Prompt: Give all of the data below again exactly, and drop the images.
(Data extract)
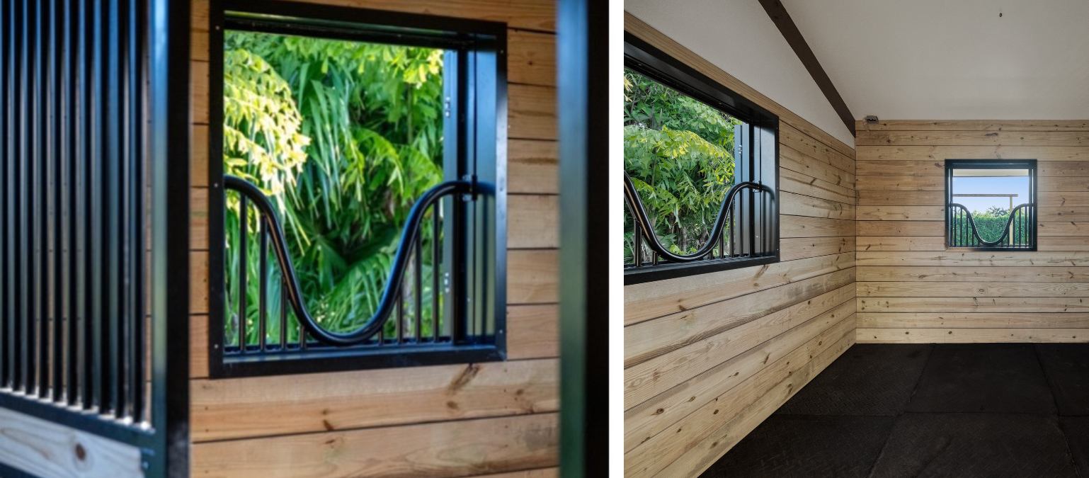Our experienced team of horse enthusiasts will help you design the perfect barn windows to complement your barn's exterior. Whether you live in South Florida or the colder climates of Wyoming, our team of designers and skilled artisans can craft luxury windows that are an ideal fit for your horses and your barn. Choose from endless customizations, from glass designs to lumber-fill and more. If you have dreamed of it, we can make it!
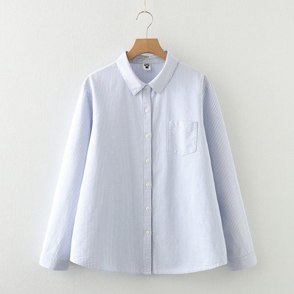 - c 2508 フリーサイズ ワイシャツ チュニック トップス ナチュラル 綿100% 通気性肌触り抜群 サラサラ ストライプ ブルー
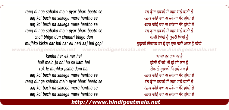 Lyrics of Rang Dunga Sabko Mai Pyar Bhari Bato Se - रंग दूँगा सबको मैं प्यार भरी बातों सेrang dunga sabako mein pyar bhari baato se
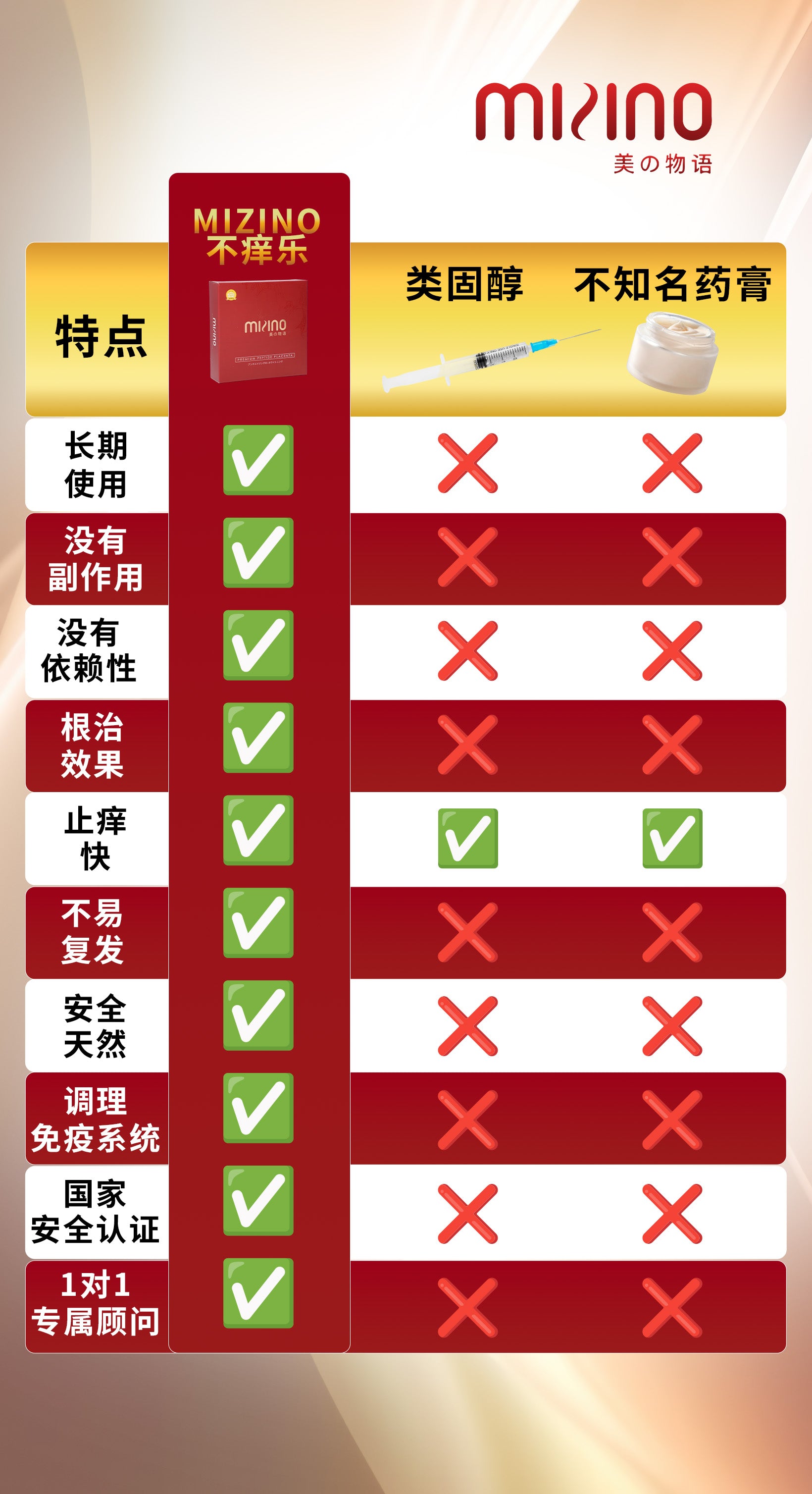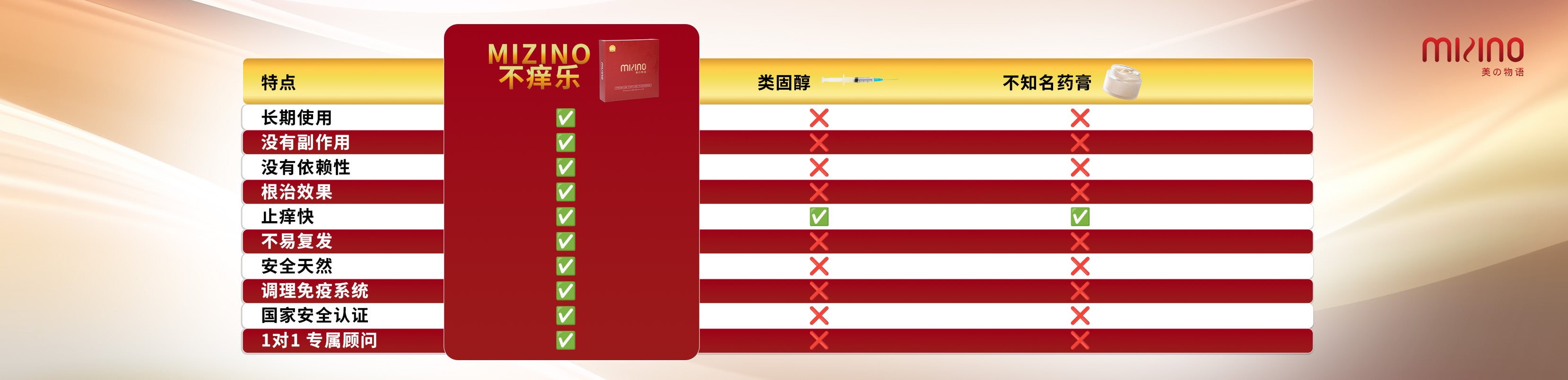市面药膏多数是外擦暂时止痒,而 Mizino从身体内部调理免疫系统、脾胃毒素,让皮肤从根本调理好
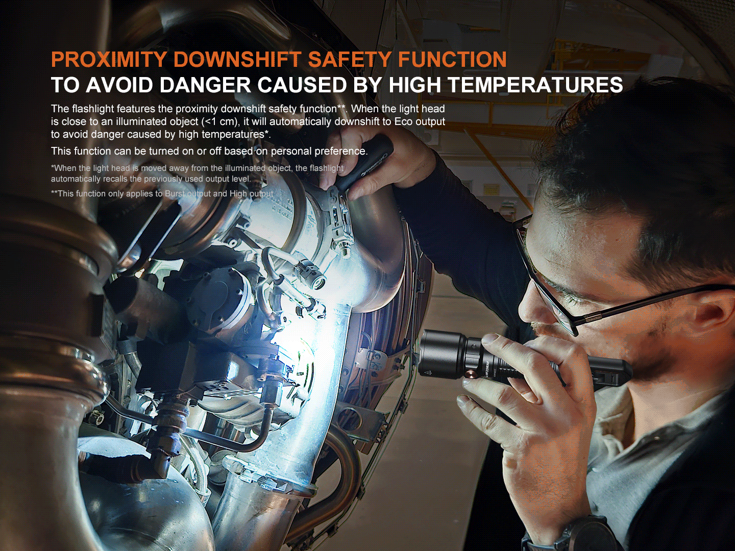 - Proximity sensor helps keep the light from overheating when it gets close to surfaces.
(End Data extract)
Response:
Our experienced team of horse enthusiasts will help you design the perfect barn windows to complement your barn's exterior. Whether you live in South Florida or the colder climates of Wyoming, our team of designers and skilled artisans can craft luxury windows that are an ideal fit for your horses and your barn. Choose from endless customizations, from glass designs to lumber-fill and more. If you have dreamed of it, we can make it!
 - c 2508 フリーサイズ ワイシャツ チュニック トップス ナチュラル 綿100% 通気性肌触り抜群 サラサラ ストライプ ブルー
 Lyrics of Rang Dunga Sabko Mai Pyar Bhari Bato Se - रंग दूँगा सबको मैं प्यार भरी बातों सेrang dunga sabako mein pyar bhari baato se
市面药膏多数是外擦暂时止痒,而 Mizino从身体内部调理免疫系统、脾胃毒素,让皮肤从根本调理好
 - Proximity sensor helps keep the light from overheating when it gets close to surfaces.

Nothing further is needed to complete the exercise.